§ INSTRUCTIONS TO FOLLOW
Look in the listing below for the line that has "The interior design", then return it and each following line up to and including the one with "Es scheint als", exactly and without pictures.
···
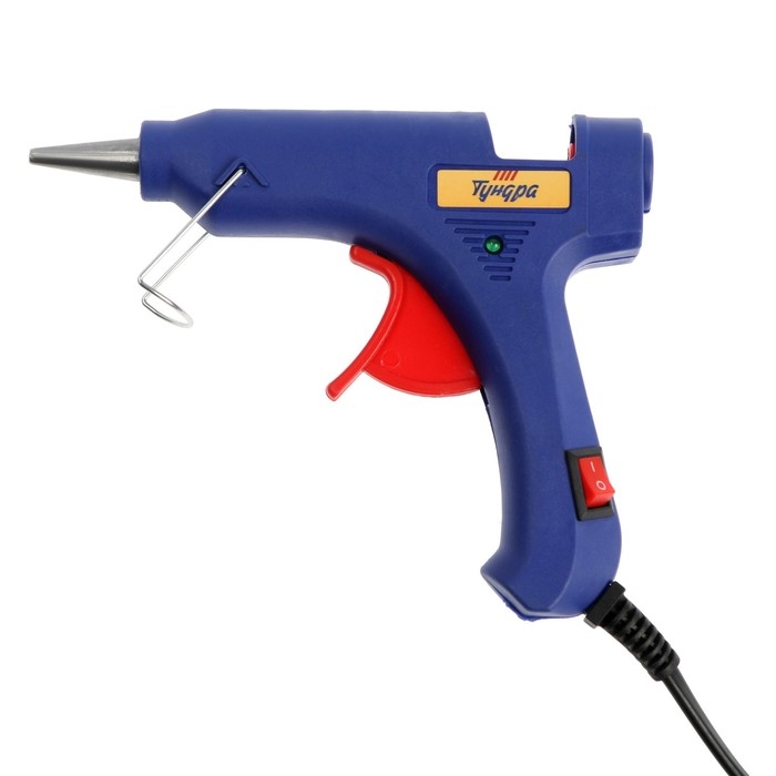 Клеевой пистолет ТУНДРА, 20 Вт, 220 В, шнур 1.2 м, выключатель, индикатор, антикапля, 7 мм
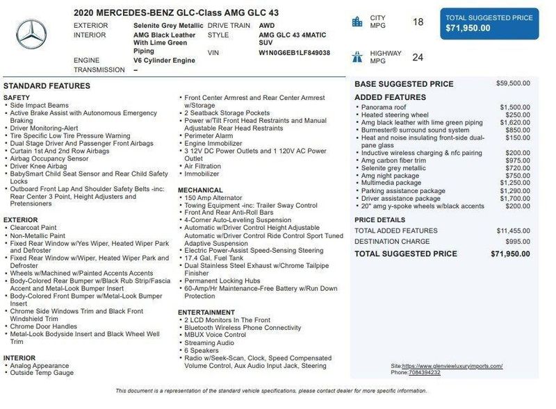 2020 Mercedes-Benz GLC 43 AMG 4MATIC 4MATIC V6 Selenite Gray Metallic One Owner, Clean CARFAX, AWD, Navigation, Sunroof, Leather Seats, Heated Seats, Backup Camera, Memory Seats, Premium Sound System, Premium Audio, Multi-Zone Climate Control, Bluetooth, Hands-Free, USB Port, Portable Audio Connection, Apple CarPlay/Android Auto, Steering Wheel Controls, 10.25 Center Media Display, 6 Speakers, Active Blind Spot Assist, Active Lane Keeping Assist, Active Speed Limit Assist, Air Conditioning, AM/FM radio: SiriusXM, AMG Night Package, Android Auto, Apple CarPlay, Augmented Reality, Automatic temperature control, BAS PLUS w/Cross-Traffic Assist, DISTRONIC PLUS w/Steering Assist, Driver Assistance Package, Driver Assistance Package Plus, Front Bucket Seats, Front Center Armrest, Front dual zone A/C, Gloss Black Roof Rails, HANDS-FREE ACCESS, HANDS-FREE ACCESS Package, Heated front seats, Live Traffic, MB Hard-Disc Navigation, MBUX Voice Control, Memory seat, Multimedia Package, Navigation Services, Panorama Roof, Parking Assistance Package, Parking Package, PARKTRONIC w/Active Parking Assist, Power driver seat, Power Driver Seat & Steering Column w/Memory, Power steering, Power windows, PRESAFE Brake w/Pedestrian Recognition, PRESAFE PLUS, Radio data system, Radio: MBUX Multimedia System, Radio: MBUX Premium Multimedia System, Rear Cross-Traffic Alert, Rear window defroster, Remote keyless entry, SiriusXM Satellite Radio w/Free Trial Term, Smartphone Integration, Speed Limit Assist, Steering wheel memory, Steering wheel mounted audio controls, Surround View System, Wheels: 20 AMG Y 5-Spoke w/Black Accents.Our goal is to make your luxury and exotic car buying and owning experience unlike any other major purchase. With an unmatched attention to detail, truly impressive product lineup, and unique access to OEM parts. We are equipped to provide the ultimate in customer service every time you visit. In fact don?t think of us as a dealership at all. We?re your personal automotive concierge that offers the driving experience that your lifestyle demands. At our dealership, you?ll find a solid selection. If you have any questions for us, you can always get in touch at (847) 904-1233.
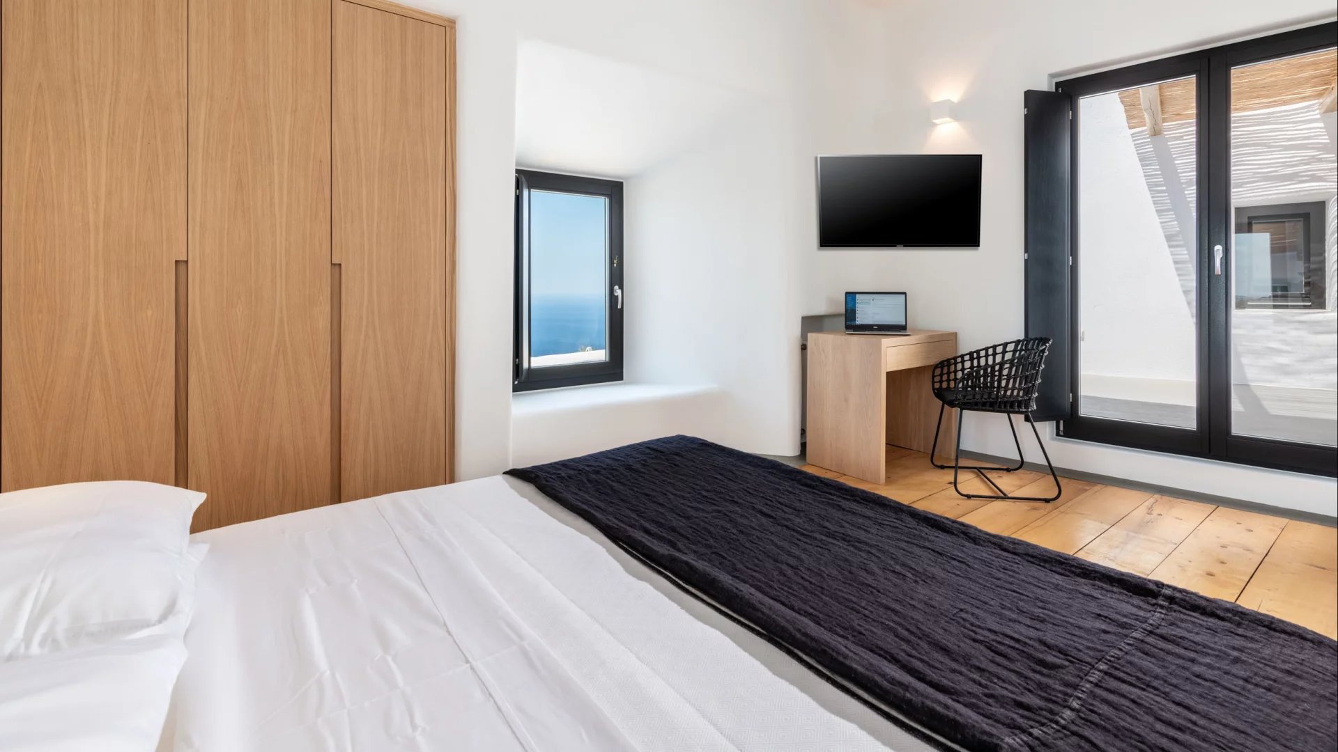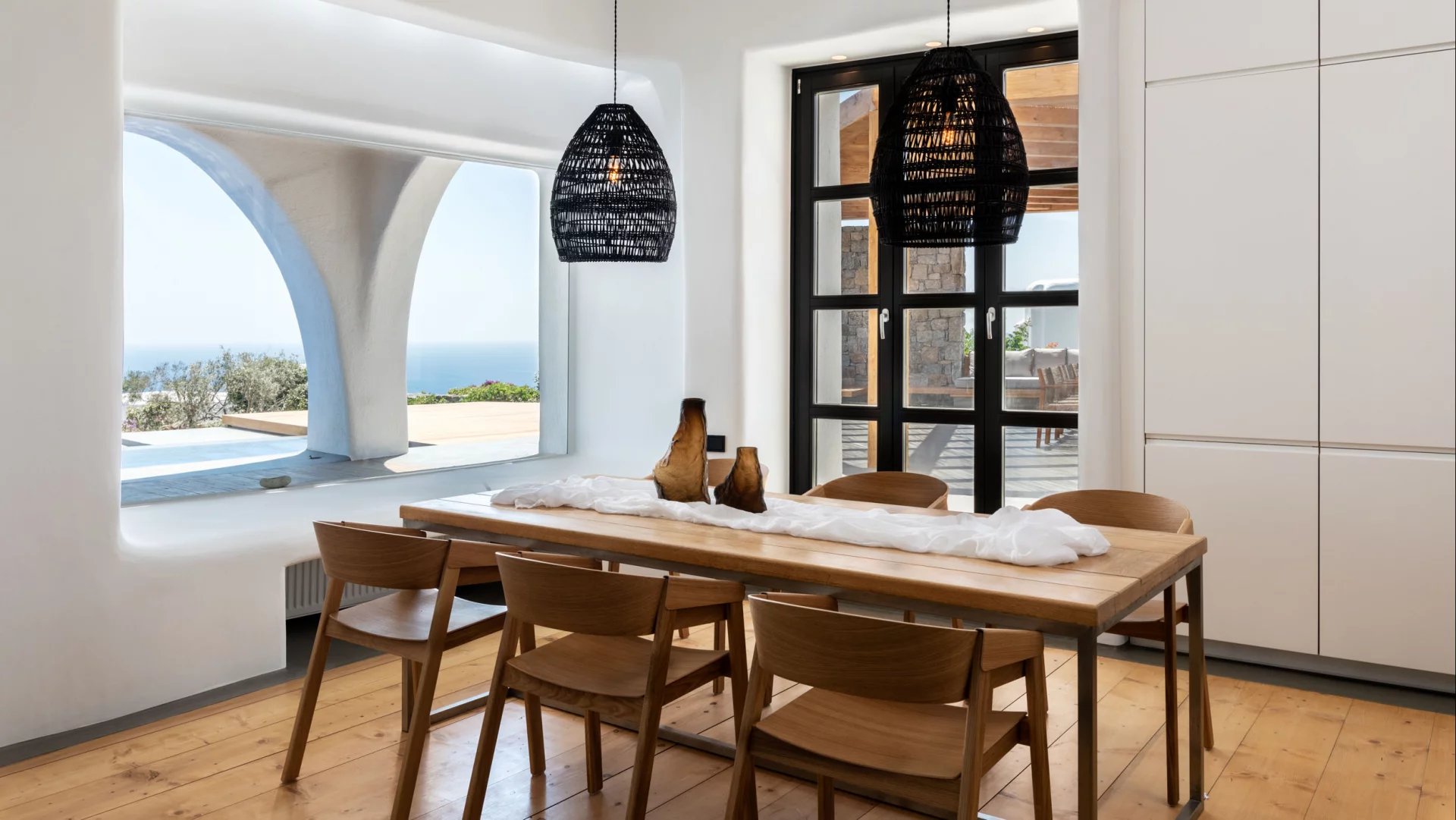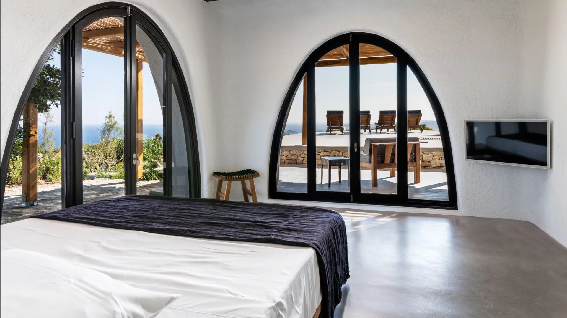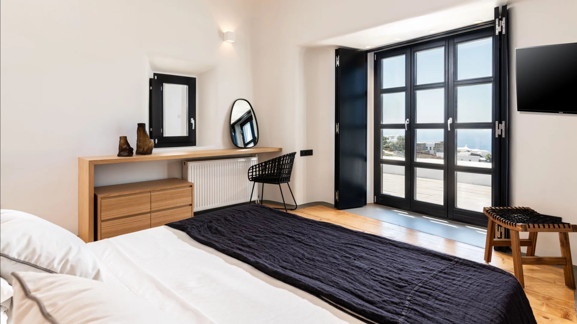 The interior design of Villa Elaia speaks volumes of understated luxury, adorned with cool palettes of white and black, complemented by contemporary furniture that seamlessly integrates elements of wood and stone. This choice of decor not only adds a touch of sophistication but also creates a warm and welcoming atmosphere for guests.
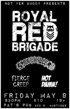 Royal Red Brigade (Regina) are on a North Western tour and this will be their only stop west of the Rockies and north of the border so don't miss it. this band is all kinds of awesome .... also, Fierce Creep has played less than a handful of times in the past 2 years and this will be their first show in that time where they will be reunited with the original singer Turf.
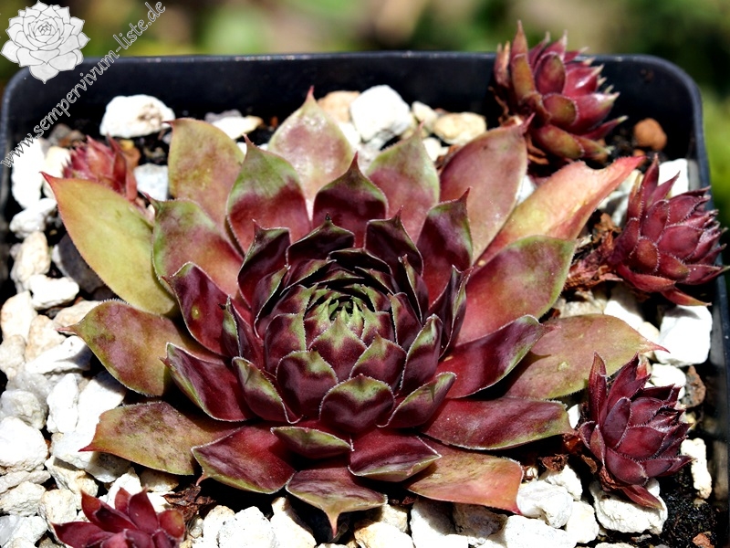 Es scheint als wären zwei Hybriden aus verschiedenen Ländern wieder einmal mit demselben Namen getauft. Wir haben fur Sie jedoch die schönere der beiden vermehrt: attraktive, mittelgroße Rosetten mit violetten Blättern mit graugetönten Blatträndern und -spitzen.
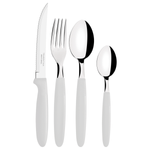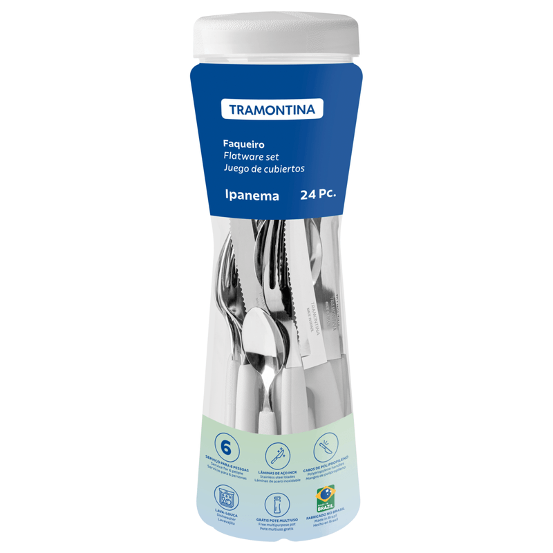 Si tú también amas una mesa bonita y clásica, te va a encantar el juego de cubiertos Tramontina Ipanema con láminas de acero inoxidable y mangos de polipropileno blanco con pote plástico 24 piezas. Son lindos cubiertos con mango de polipropileno blanco y láminas de acero inoxidable que van a acompañar todas las comidas de tu día a día, porque son resistentes y durables. El juego de cubiertos es muy fácil de limpiar y viene con un pote plástico, perfecto para guardar los cubiertos o incluso alimentos como fideos y arroz., La elección ideal para formar parte de tu día a día!
···
§ ANSWER SPACE
 The interior design of Villa Elaia speaks volumes of understated luxury, adorned with cool palettes of white and black, complemented by contemporary furniture that seamlessly integrates elements of wood and stone. This choice of decor not only adds a touch of sophistication but also creates a warm and welcoming atmosphere for guests.
 Royal Red Brigade (Regina) are on a North Western tour and this will be their only stop west of the Rockies and north of the border so don't miss it. this band is all kinds of awesome .... also, Fierce Creep has played less than a handful of times in the past 2 years and this will be their first show in that time where they will be reunited with the original singer Turf.
 Es scheint als wären zwei Hybriden aus verschiedenen Ländern wieder einmal mit demselben Namen getauft. Wir haben fur Sie jedoch die schönere der beiden vermehrt: attraktive, mittelgroße Rosetten mit violetten Blättern mit graugetönten Blatträndern und -spitzen.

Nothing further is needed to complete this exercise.